De Roincé (2016) souligne que « l’évaluation statistique et l’enquête de terrain font apparaître un niveau de protection qui se dégrade selon un gradient de contexte qui part des alpages du nord des Alpes jusqu’aux zones intermédiaires du sud des Alpes. [Elle] met en évidence que les moyens de protection sont plus efficaces au sein des milieux d'alpages qu'au sein des milieux intermédiaires. Ainsi le diagnostic désigne une protection plus efficace pour les éleveurs montagnards transhumants qui font pâturer leurs troupeaux sur des estives faciles d’accès et en milieu ouvert que pour les éleveurs sédentaires préalpins ou méditerranéens ». Pour l’auteur de ce rapport, « la situation est amenée à évoluer. Cela est attendu à la fois dans les nouveaux contextes pastoraux, mais aussi au sein des zones historiques de présence du loup. Au cours de l’enquête, les éleveurs ont d’ailleurs indiqué [des] sources d’évolution : i) Modification de la gestion des forêts et des estives vers la fermeture des milieux, ii) Rapprochement progressif du loup autour de l'Homme et de ses habitations : migration des loups des alpages vers les vallées, habituation du loup aux moyens de protection et leur contournement ».
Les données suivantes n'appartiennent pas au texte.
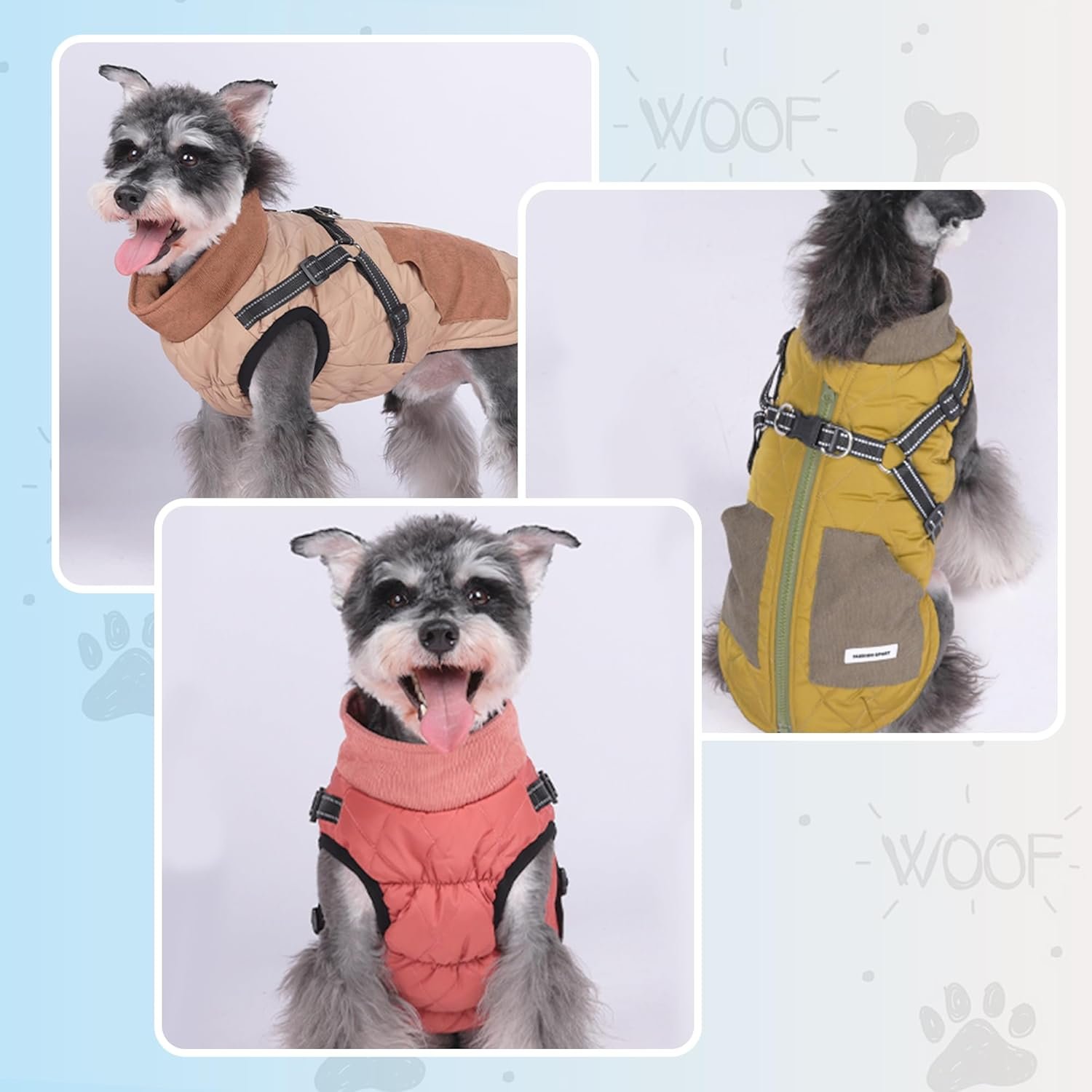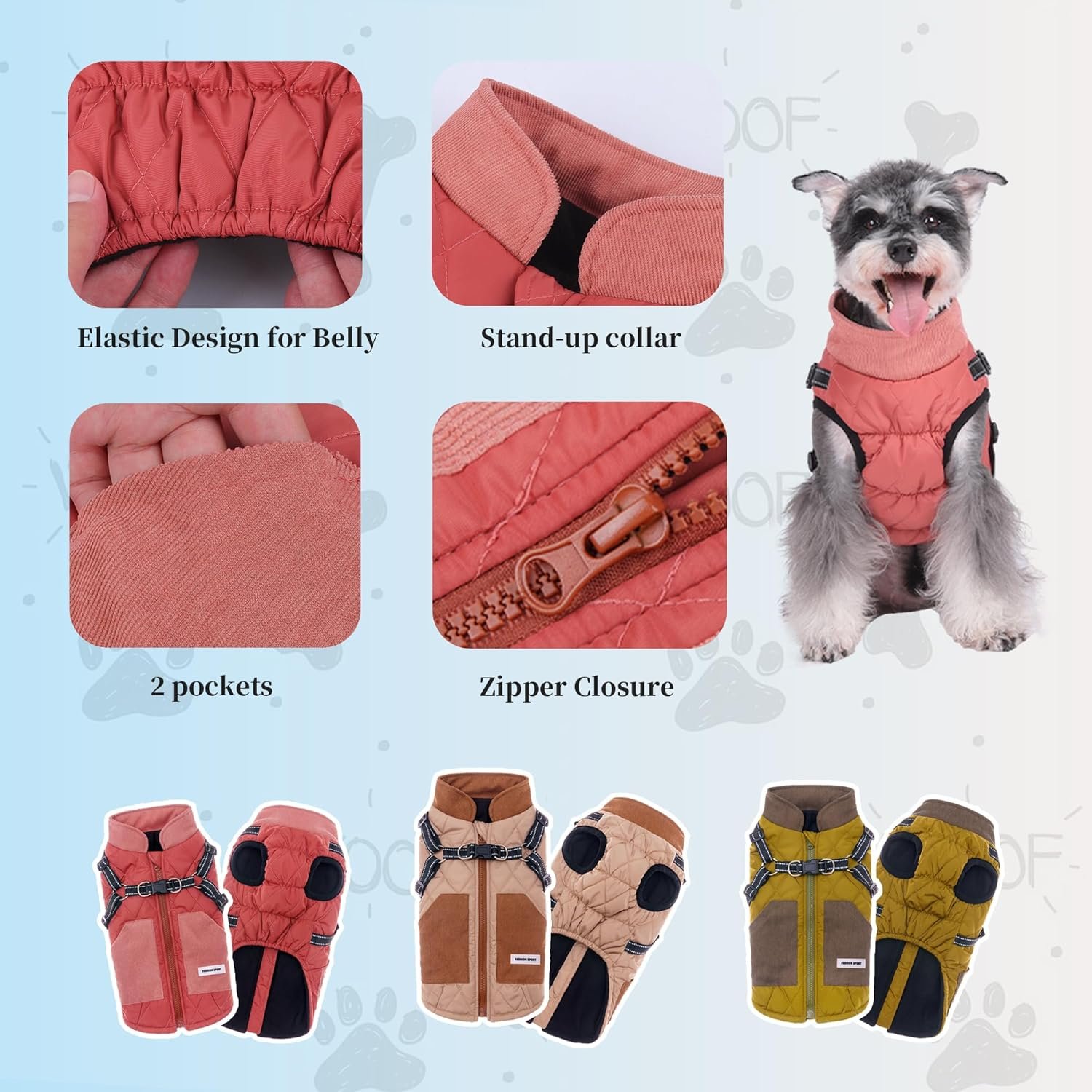 Er zijn in totaal 3 kleuren, kaki, koraalroze en olijfgroen. In tegenstelling tot zwart, wit en grijs, laten deze heldere en unieke kleuren honden er mooier en schattig uitzien in de winter.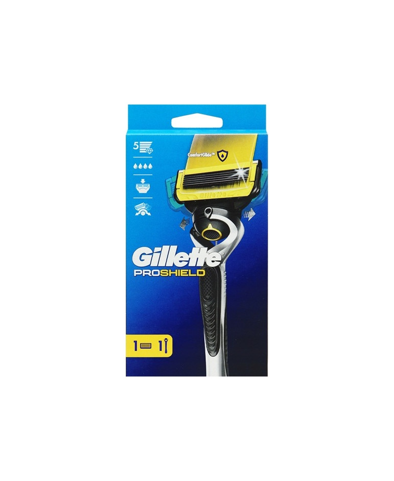 Maszynka do golenia dla mężczyzn Gillette ProShield z ochroną skóry przed i za ostrzami chroni skórę przed podrażnieniami i zapewnia uczucie chłodzenia i odświeżenia podczas golenia, zapewniając dokładne i wygodne golenie.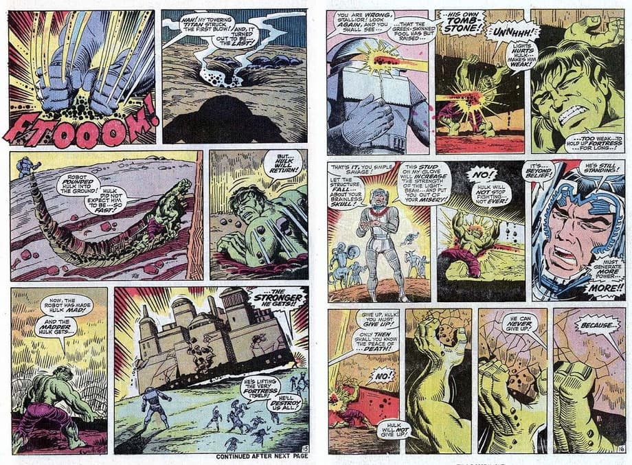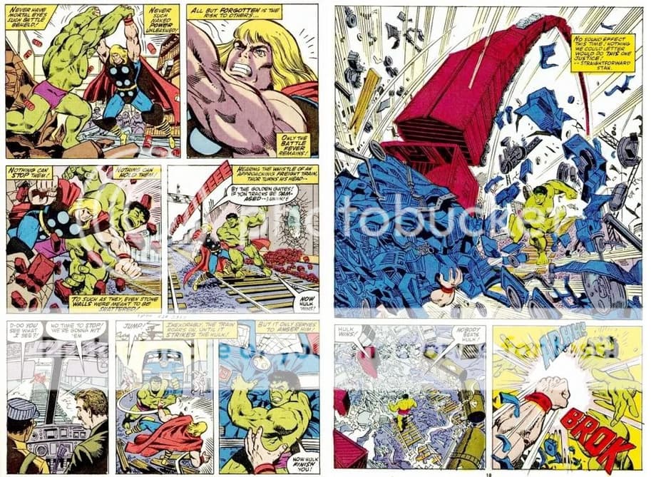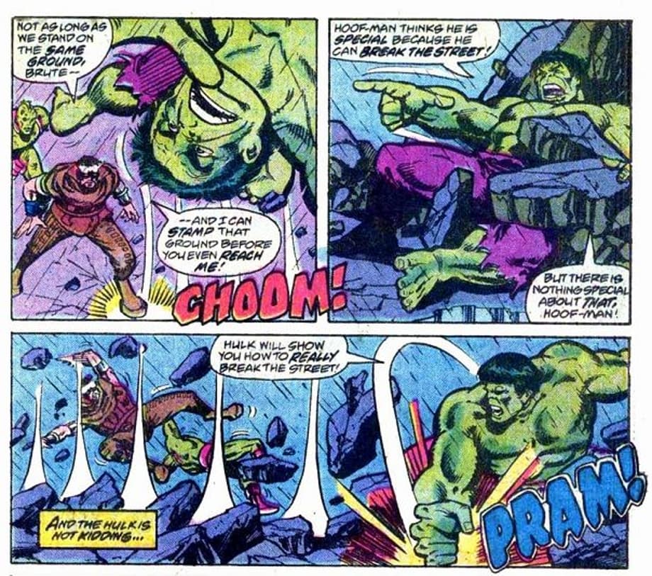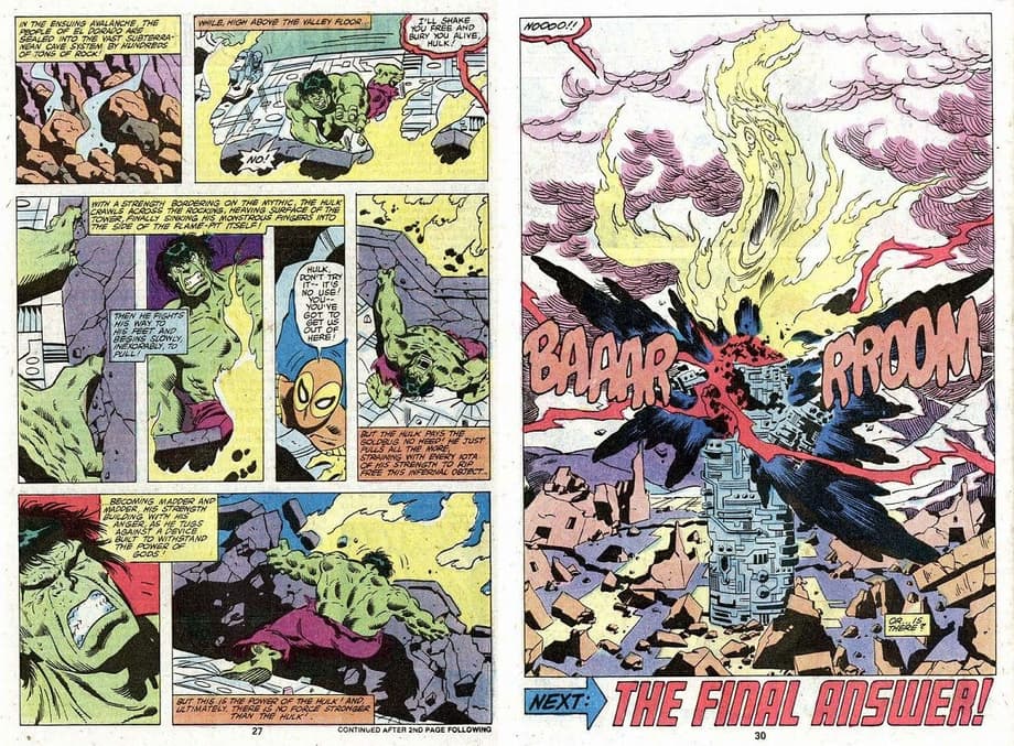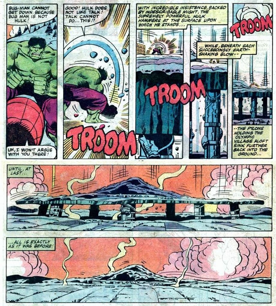 An apt measure of strength, Savage Hulk's punches are some of the most powerful in comics. Here, Savage Hulk hammers down an entire landscape despite it being supported by enormous pylons in Marvel Treasury Edition #25:

Face à des loups qui, en France, ont « désappris » la crainte des humains - contrairement à l’Italie, où des chercheurs estiment que 200 à 300 loups sont illégalement abattus chaque année (Hindrikson et al., 2016 ; Galaverni et al., 2015) – les moyens de protection (clôtures sécurisées, chiens, humains non armés) ne peuvent être considérés que comme une succession d’obstacles même accumulés ,pour une espèce par ailleurs connue pour être à la fois intelligente, très adaptable et opportuniste (Mech et Peterson, 2003 ; Lescureux et Linnell, 2010). C’est probablement la raison de la constante progression du nombre de victimes d’élevage en France (plus de 10 000 par an actuellement), qui croit linéairement depuis 2008 en dépit d’une politique et de moyens financiers très conséquents alloués à la protection des troupeaux (Meuret et al., 2017a).